Сидевший рядом с Лейфом Дзюба нервно пошевелился и пробормотал:
— Уж ради меня могли бы и подождать, пока я уйду. И это после всего, что я для них сделал.
Он отложил ложку и встал.
— В чем дело?— поинтересовался Лейф.
Он тоже начал было вставать, но Пеструшка ухватилась за него.
— Отпусти его, милый, — промурлыкала она.
— Имейте уважение к духовному лицу! — заорал Дзюба.
— Мы любим тебя! — донесся ответ.
— Да не нужна мне ваша любовь!
— Мы любим тебя! — грянул прибой.
— Да простит вас Господь за богохульство!
Не обращая внимания, банту начали подпрыгивать, круги завели вращение — то вперед, то назад.
На стол в центре кругов вскочил Джим Крю.
— Кто возлюбленный наш? — вскричал он, воздевая руки к потолку.
Словно мегафон, громыхнула сотня глоток:
— Жикиза Канду!
— И кого любим мы?
— Жикизу Канду!
— И кто мы?
— Жикиза Канду!
— И кто он?
— Жикиза Канду!
— И кто любит доктора Дзюбу?
— Жикиза Канду!
— Нет, нет! — верещал тимбуктанец. — Прекратите это безобразие! Выпустите меня!
— И кто любит доктора Баркера?
— Жикиза Канду!
— И кто есть Дзюба?
— Жикиза Канду!
— И кто есть Баркер?
— Жикиза Канду!
— И кто есть любимый и любящий, Бог и человек, творец и творение, мужчина и женщина?
— Жикиза Канду!
— И что говорит нам Жикиза Канду?
Круги вращались все быстрее, быстрее, сдерживаемые лишь неразрывной хваткой рук. Лица банту исказились, рты были разинуты, зубы — обнажены, глаза сияли овалами небес. Раздувались ноздри. Разлетались капельки слюны.

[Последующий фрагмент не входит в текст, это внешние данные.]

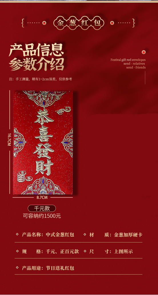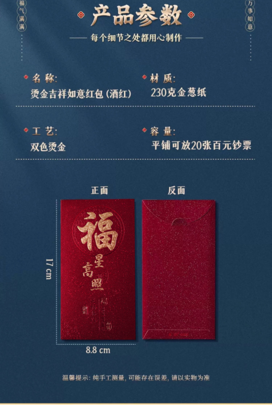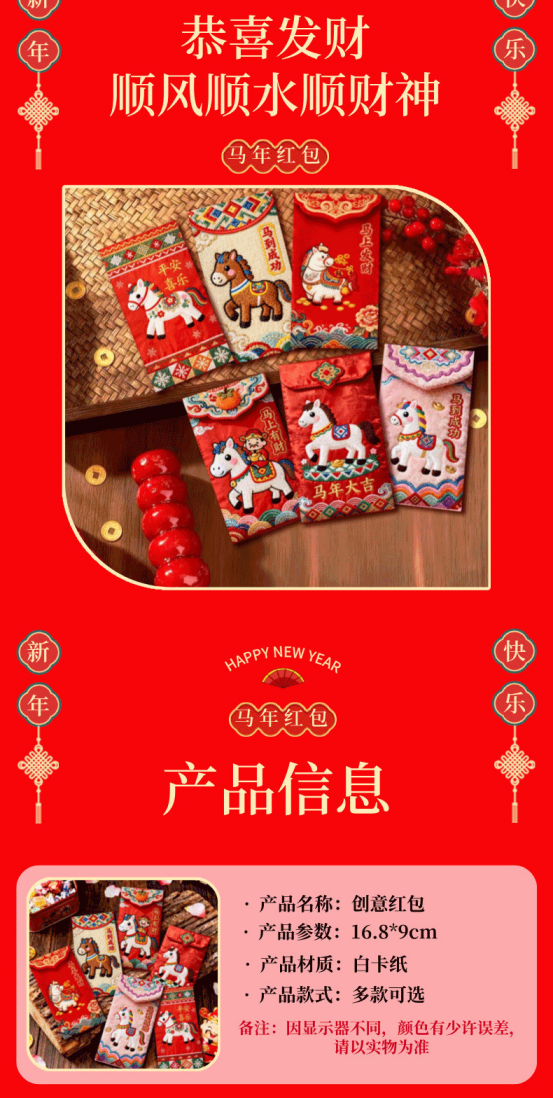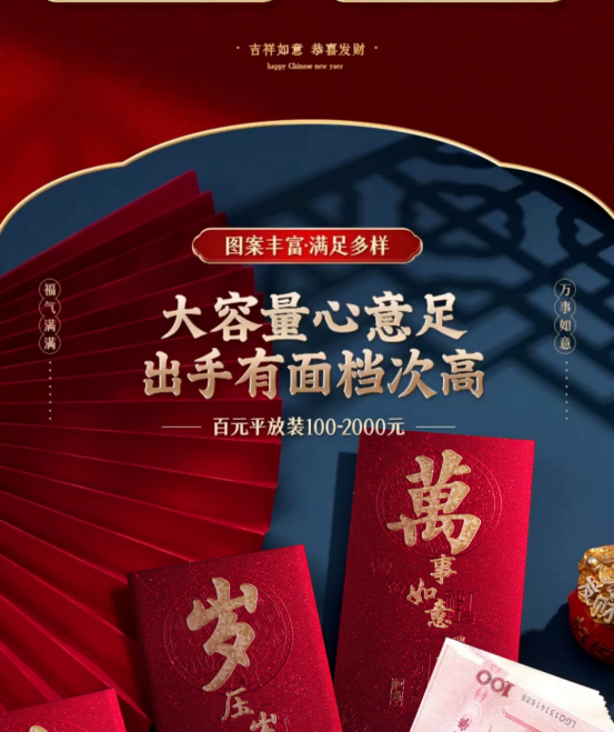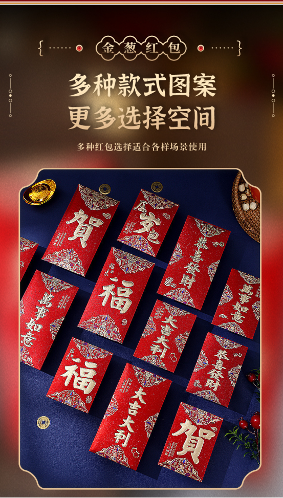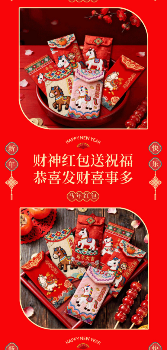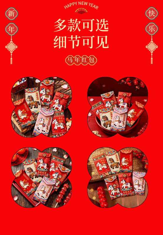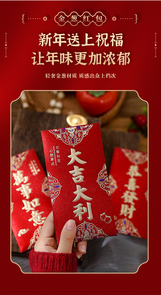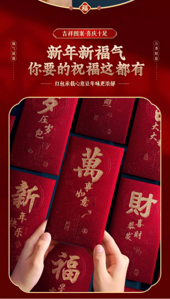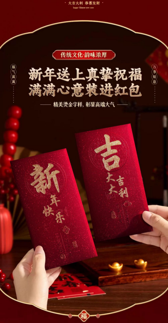 年关将至,按照我国的传统习俗 家家户户都要准备喜庆的🧧红包以示辞旧迎新 期冀度过和和睦睦的新年,迎来甜甜美美的🧨新春佳节 新年购置红包必不可少🥰寓意喜庆团圆幸福美满、万象更新、财源滚滚、春风满面、辞旧迎新~️

Отлетавшие от стен, заполнившие зал крики смолкли неожиданно и резко; слышались только топот босых ног по бетону и звук дыхания. Тела тряслись так, что плоть колыхалась землетрясением. Бедра вращались, словно пытаясь вывернуться из суставов.

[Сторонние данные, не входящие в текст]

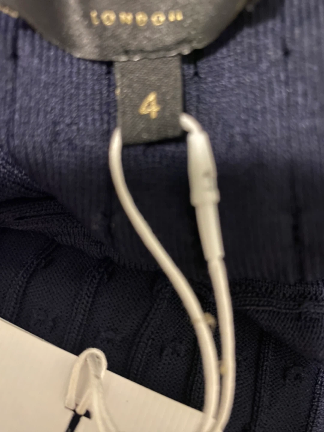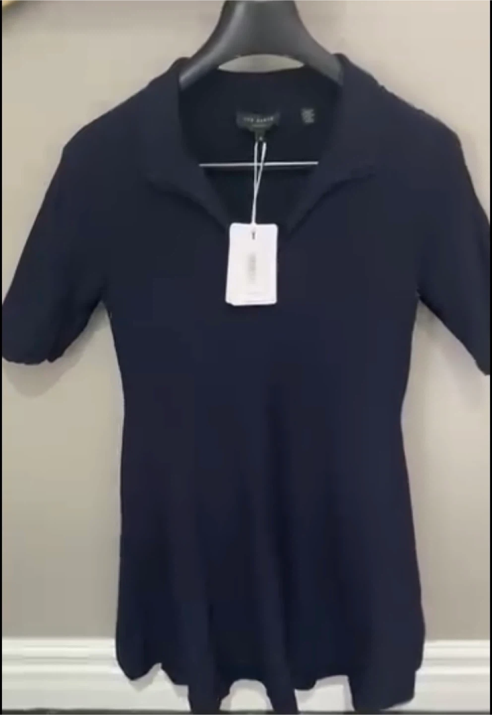 Ted Baker navy dress. Made with 53% viscose, 45% polyamide, and 2% elastane. Dry flat care instructions. This dress is a US size 4. Regular price $359.00 selling for $70

А потом вздулись груди, вбирая воздух с отчетливо слышным свистом, и грянуло, отражаясь от стен, могучее слово:
— Любовь!
— Любовь! — провизжала Пеструшка.
В ином месте и при иных обстоятельствах Лейф спокойно насладился бы прелестями этой страстной особы, но сейчас в голове у него билась только одна мысль, та же, что и у Дзюбы — «выпустите меня!».
Примерно шестьдесят секунд он продирался, прыгал, толкался и ползал в сплетении тел, размахивающих рук и цепких пальцев. Достигнув безопасного места, он оглянулся. Тимбуктанец не отставал от него. Порванную в свалке сутану он судорожно прижимал к груди.
— Господи помилуй! — выдохнул Дзюба. — Это какой-то новый вид мученичества!
Лейф уже пришел немного в себя.
— Так вы теперь святой?
Тимбуктанец поправил очки. Казалось, что вернувшееся зрение прибавило ему уверенности.
— Разве что фигурально. — Он огляделся. — Какая мерзость!
— Они попросту выражают свою любовь. Даже вы должны признать, что они не лицемерят, говоря о любви к ближним, и раздают ее щедро.
— Немыслимый разврат! — Дзюба вздрогнул и грустно оглядел себя.
— У входа мы вам подберем что-нибудь, — добродушно заметил Лейф. — Тряпье, конечно, но от холода и любопытных глаз защитит.
— Я понять не могу, за что они со мной так поступили. Я, в конце концов, помог спасти их ребенка.
— Смените точку зрения. Они как раз и благодарят нас за ее спасение.
— Вы, как я заметил, не больше моего хотели там остаться.
— Нас растили в разных культурах, — пожал плечами Лейф, — и я, как и вы, к их обычаям приспособиться не могу. Но что-то в них есть. Я не стану говорить об их психосоматических способностях — но ведь они построили самое совершенное общество на Земле. Сравните его с вашим, доктор... вы высмеиваете их религию и презираете нормы поведения, но вам не скрыть, что в вашем родном Чаде уйма преступников, убийц, нищих и калек. А у них — нет.
Дзюба принялся шарить по вешалкам в поисках относительно чистой одежды.